## [What to work on]
Restate all the lines below word for word, but omit the pictures.
▬▬▬▬▬▬
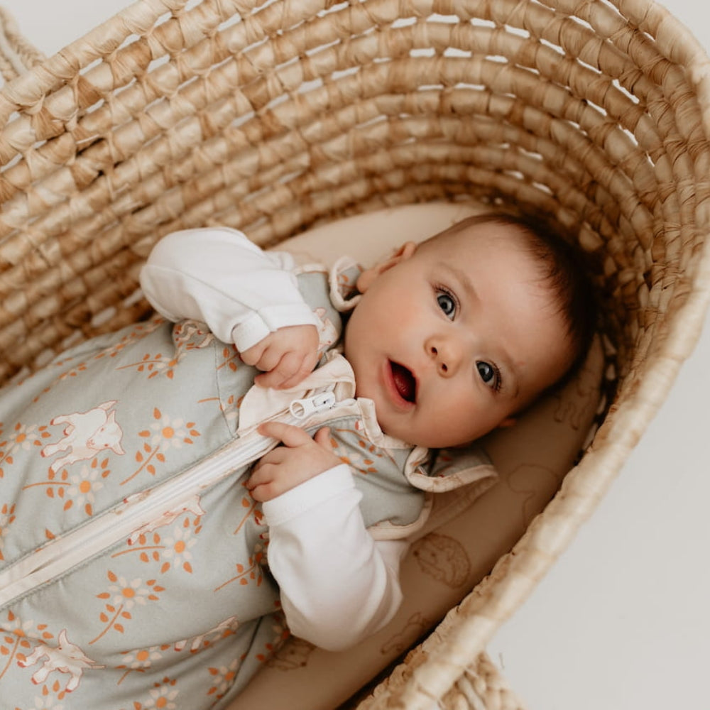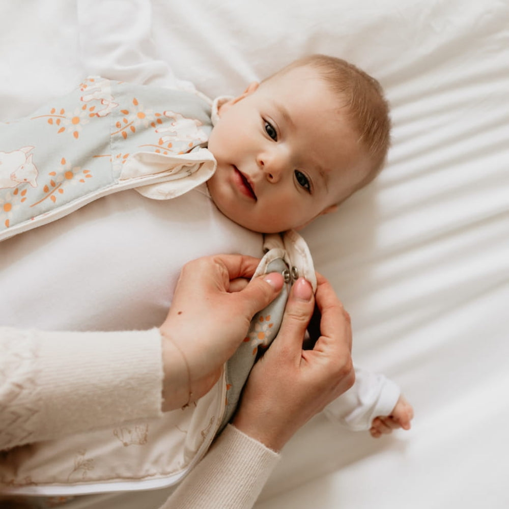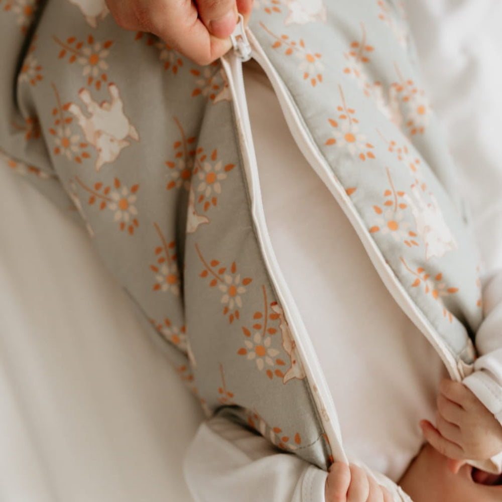 Изработен от 100% дишащ памук, спалният чувал осигурява оптимална температура, докато бебето спи, като предотвратява прегряване и предпазва от студа.
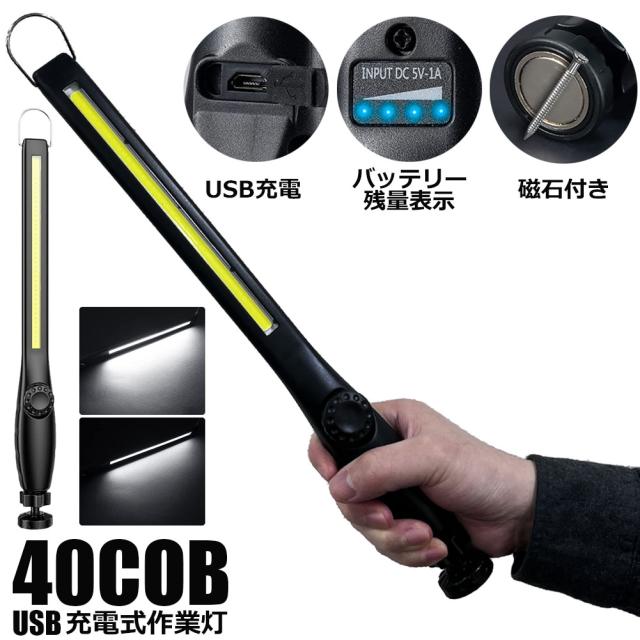 作業灯 LED ワークライト USB充電式 450ルーメン COBライト 懐中電灯 360°回転 フック マグネット 磁気付き 無段階輝度 調整スイッチ 緊急用照明 停電用 車修理 夜間作業 家 屋外 アウトドア キャンプ 工事現場 車載用
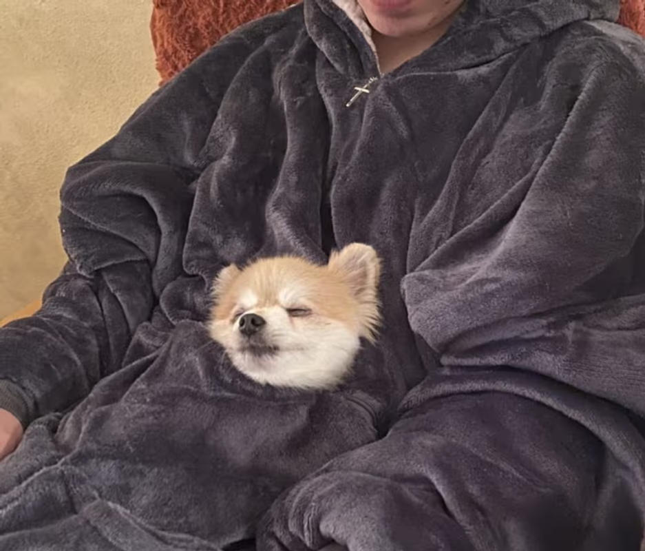 This is sooo comfy and soft. I have used cozy blankets like this, but in the winter, this just does it better! The sherpa, or as I call it, coosh, keeps you warm, and the cuffs on the sleeves keep the cold air from sneaking in and making you cold again. The pocket, pictured with a small dog, can work for many things, like a tablet, cuz my dogs are way too big. LOL I just love it!
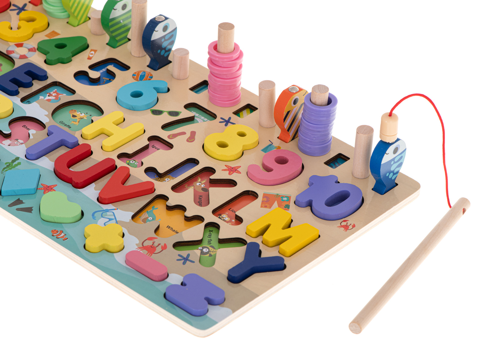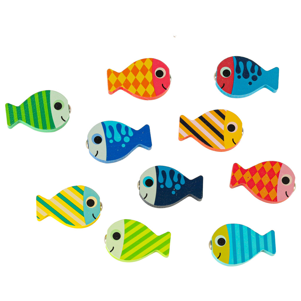 Mezi mnoha třídiči najdete barevné rybičky s magnety, které je třeba chytit pomocí rybářského prutu, rovněž vybaveného magnetem.
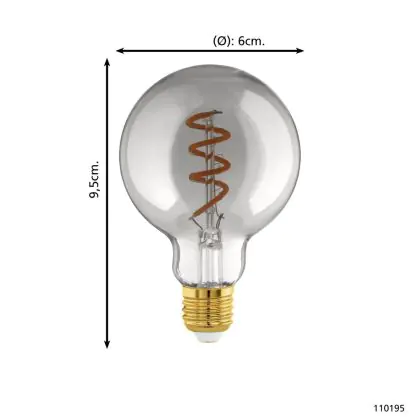 Descrizione Eglo LED Globe E27 Filamento Smokey 4W 100lm - 820 Bianco Molto Caldo | Dimmerabile - Sostitutiva 15W
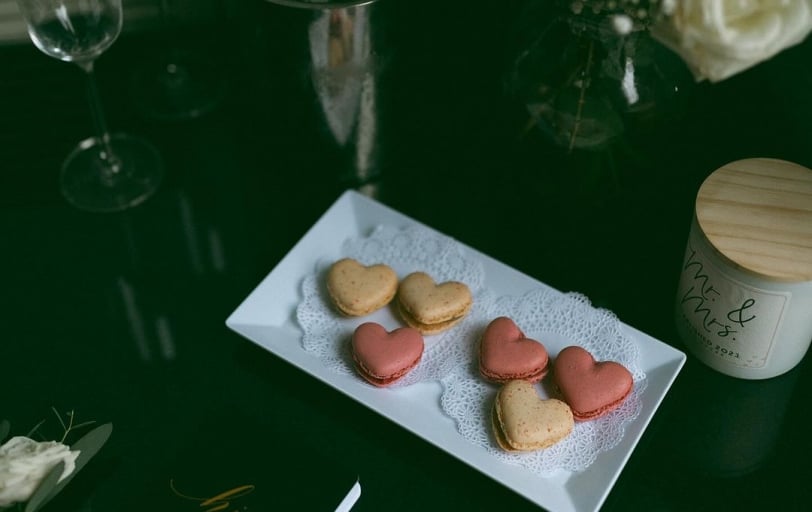 Romance your partner with sparkling wine and heart-shaped macarons for the night.
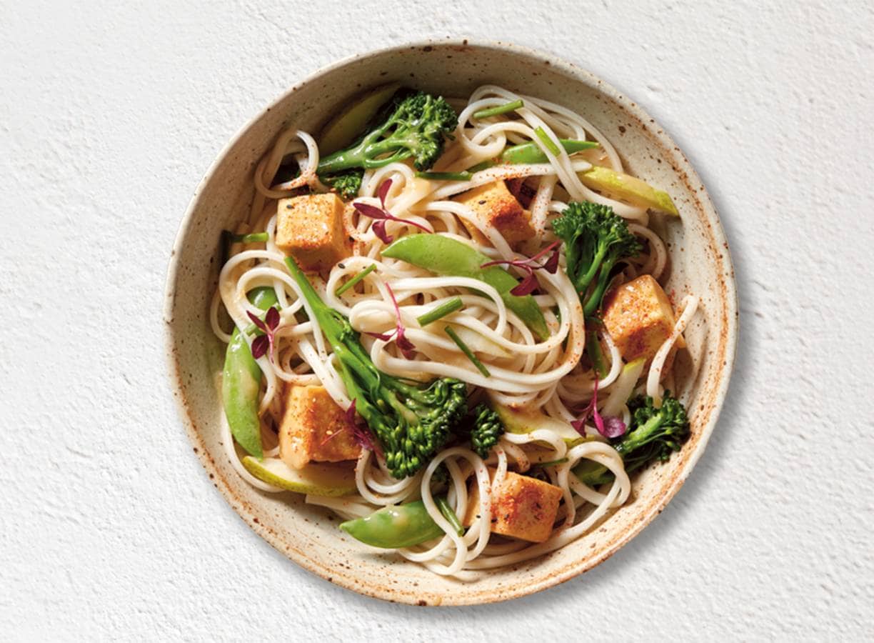 Udonsalade met tofu, bimi en peer van Hakubaku (advertentie)
▬▬▬▬▬▬
## [Output]
 Изработен от 100% дишащ памук, спалният чувал осигурява оптимална температура, докато бебето спи, като предотвратява прегряване и предпазва от студа.
 作業灯 LED ワークライト USB充電式 450ルーメン COBライト 懐中電灯 360°回転 フック マグネット 磁気付き 無段階輝度 調整スイッチ 緊急用照明 停電用 車修理 夜間作業 家 屋外 アウトドア キャンプ 工事現場 車載用
 This is sooo comfy and soft. I have used cozy blankets like this, but in the winter, this just does it better! The sherpa, or as I call it, coosh, keeps you warm, and the cuffs on the sleeves keep the cold air from sneaking in and making you cold again. The pocket, pictured with a small dog, can work for many things, like a tablet, cuz my dogs are way too big. LOL I just love it!
 Mezi mnoha třídiči najdete barevné rybičky s magnety, které je třeba chytit pomocí rybářského prutu, rovněž vybaveného magnetem.
 Descrizione Eglo LED Globe E27 Filamento Smokey 4W 100lm - 820 Bianco Molto Caldo | Dimmerabile - Sostitutiva 15W
 Romance your partner with sparkling wine and heart-shaped macarons for the night.
 Udonsalade met tofu, bimi en peer van Hakubaku (advertentie)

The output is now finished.